Problem requirements: Where the lines below hold images, skip those and copy every word exactly.

Saved data entries:
= = = =

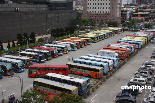 從今年三月起,到臺(tái)灣的大陸游客驟增,日抵人數(shù)甚至突破七千人。以大陸游客在臺(tái)灣停留六至十天計(jì),每天停留在臺(tái)灣的大陸游客有數(shù)萬人,以致游覽車不夠用。圖為在大陸游客參觀點(diǎn)臺(tái)北101大樓的附近停車場(chǎng)停滿旅游團(tuán)車輛。臺(tái)灣觀光局四月二十六日緊急研商決定,供大陸游客使用的游覽車車齡由七年放寬到十年,以增加一千三百六十輛游覽車緩解車輛不足。中新社發(fā) 耿軍 攝
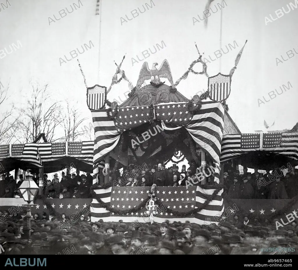 Caption: President James A. Garfield in Reviewing Stand, Viewing Inauguration Ceremonies, Washington DC, USA, March 4, 1881
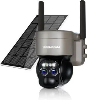 BEENOCAM 8X Zoom 4K 5Dbi Security Cameras Wireless Outdoor Solar Battery Powered 360° PTZ Security Outdoor Wireless Camera with Spotlight Siren, Motion Detection, Color Night Vision,2-Way Audio, IP66
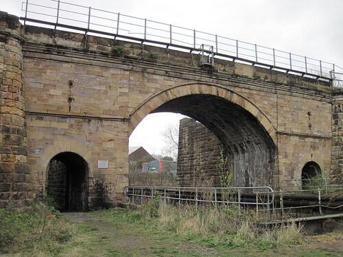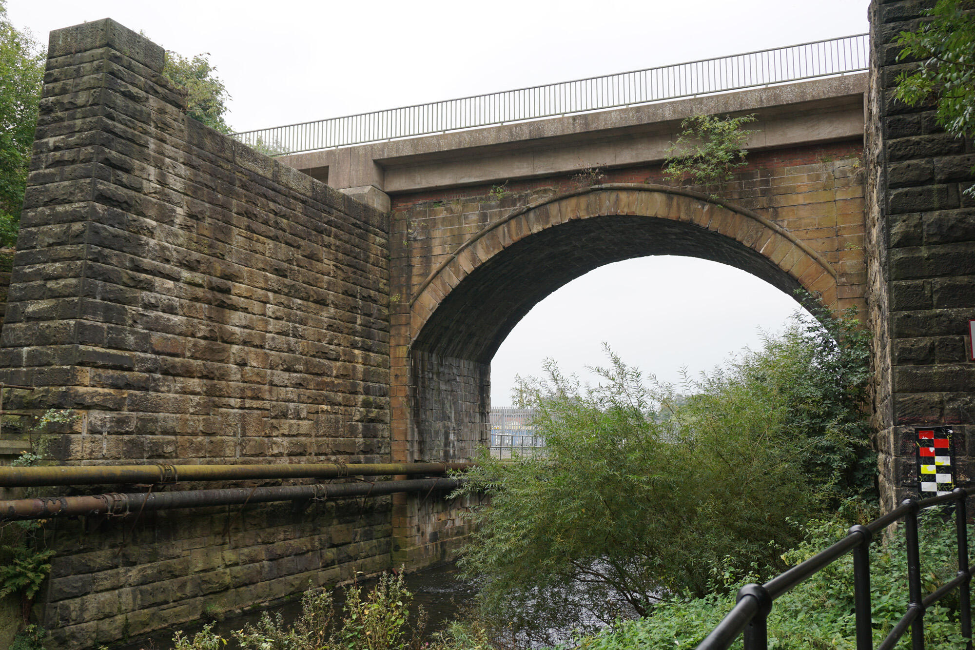 The bridge spans the Skerne at the north end of Darlington. This was the biggest ravine on the Stockton & Darlington Railway, which opened on September 27, 1825. Initially, George Stephenson was briefed to build an iron and stone bridge across the ravine, but then his first iron and stone bridge over the Gaunless at West Auckland was washed away, so the railway directors had second thoughts.
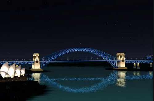 特大城市2012悉尼海港大橋mod集成了60m大道添加橋梁的夜景,給你更好的游戲體驗,起點提供特大城市2012mod下載。
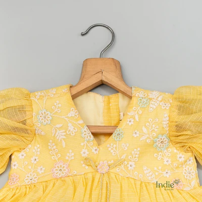 Yellow Kota Doria Embroidered Frock
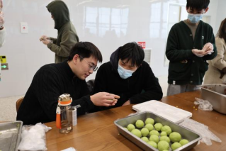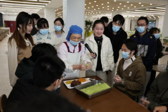 在食堂阿姨展示青团制作技艺后,同学们分组开展制作这一传统美食。通过亲身实践,同学们不仅掌握了“寒食青团”这一传统美食的制作技艺,更深刻理解了其中蕴含的“慎终追远”的文化深意。
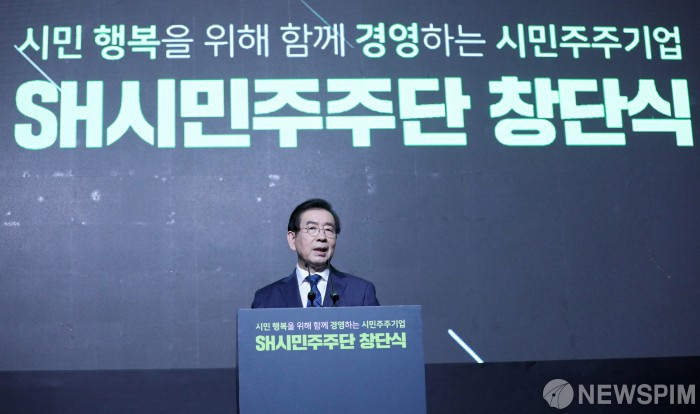 [서울=뉴스핌] 백인혁 기자 = 박원순 서울시장이 25일 오후 서울 중구 더플라자 호텔에서 열린 SH시민주주단 창단식에서 환영사를 하고 있다. 2019.10.25 dlsgur9757@newspim.com
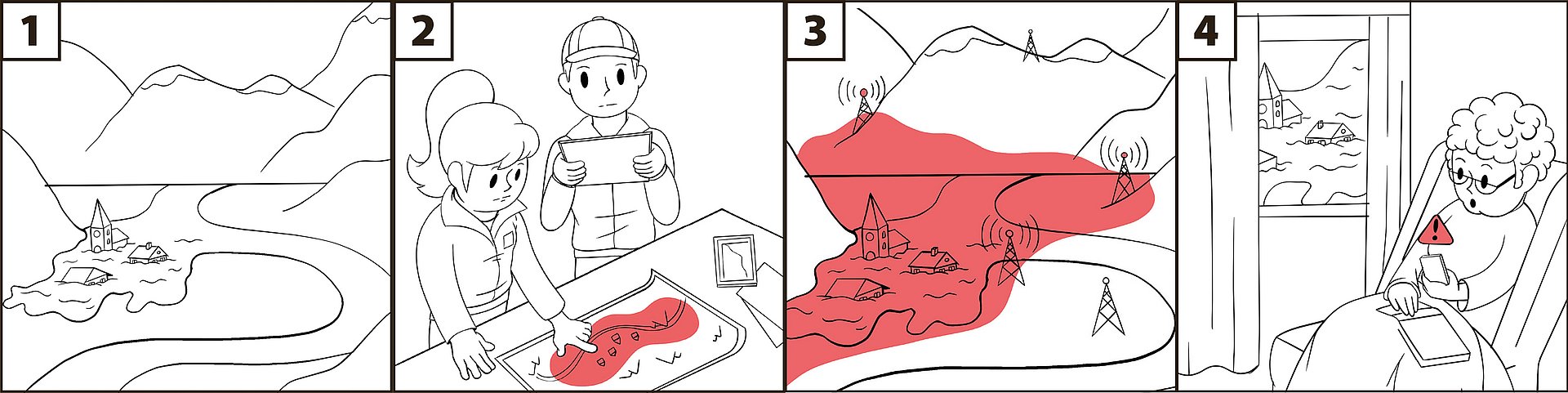 - Gefahr wird erkannt: Die Behörde erhält die Information über eine Gefahr – beispielsweise eine Naturgefahr (etwa ein Hochwasser) – und entscheidet über die Auslösung von AT-Alert (und die Warnstufe).
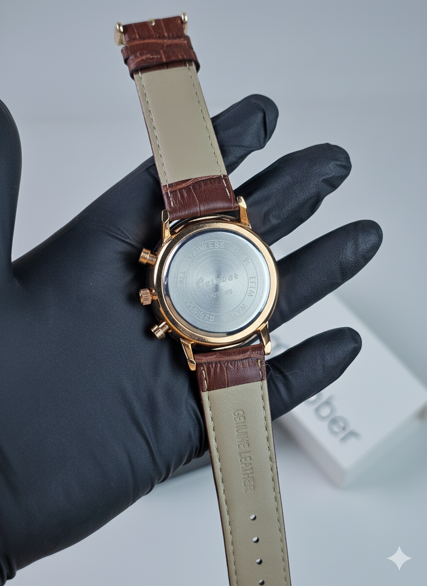 Strap Premium brown leather strap with detailed stitching for added elegance.

= = = =

Task output:
 從今年三月起,到臺(tái)灣的大陸游客驟增,日抵人數(shù)甚至突破七千人。以大陸游客在臺(tái)灣停留六至十天計(jì),每天停留在臺(tái)灣的大陸游客有數(shù)萬人,以致游覽車不夠用。圖為在大陸游客參觀點(diǎn)臺(tái)北101大樓的附近停車場(chǎng)停滿旅游團(tuán)車輛。臺(tái)灣觀光局四月二十六日緊急研商決定,供大陸游客使用的游覽車車齡由七年放寬到十年,以增加一千三百六十輛游覽車緩解車輛不足。中新社發(fā) 耿軍 攝
 Caption: President James A. Garfield in Reviewing Stand, Viewing Inauguration Ceremonies, Washington DC, USA, March 4, 1881
 BEENOCAM 8X Zoom 4K 5Dbi Security Cameras Wireless Outdoor Solar Battery Powered 360° PTZ Security Outdoor Wireless Camera with Spotlight Siren, Motion Detection, Color Night Vision,2-Way Audio, IP66
 The bridge spans the Skerne at the north end of Darlington. This was the biggest ravine on the Stockton & Darlington Railway, which opened on September 27, 1825. Initially, George Stephenson was briefed to build an iron and stone bridge across the ravine, but then his first iron and stone bridge over the Gaunless at West Auckland was washed away, so the railway directors had second thoughts.
 特大城市2012悉尼海港大橋mod集成了60m大道添加橋梁的夜景,給你更好的游戲體驗,起點提供特大城市2012mod下載。
 Yellow Kota Doria Embroidered Frock
 在食堂阿姨展示青团制作技艺后,同学们分组开展制作这一传统美食。通过亲身实践,同学们不仅掌握了“寒食青团”这一传统美食的制作技艺,更深刻理解了其中蕴含的“慎终追远”的文化深意。
 [서울=뉴스핌] 백인혁 기자 = 박원순 서울시장이 25일 오후 서울 중구 더플라자 호텔에서 열린 SH시민주주단 창단식에서 환영사를 하고 있다. 2019.10.25 dlsgur9757@newspim.com
 - Gefahr wird erkannt: Die Behörde erhält die Information über eine Gefahr – beispielsweise eine Naturgefahr (etwa ein Hochwasser) – und entscheidet über die Auslösung von AT-Alert (und die Warnstufe).
 Strap Premium brown leather strap with detailed stitching for added elegance.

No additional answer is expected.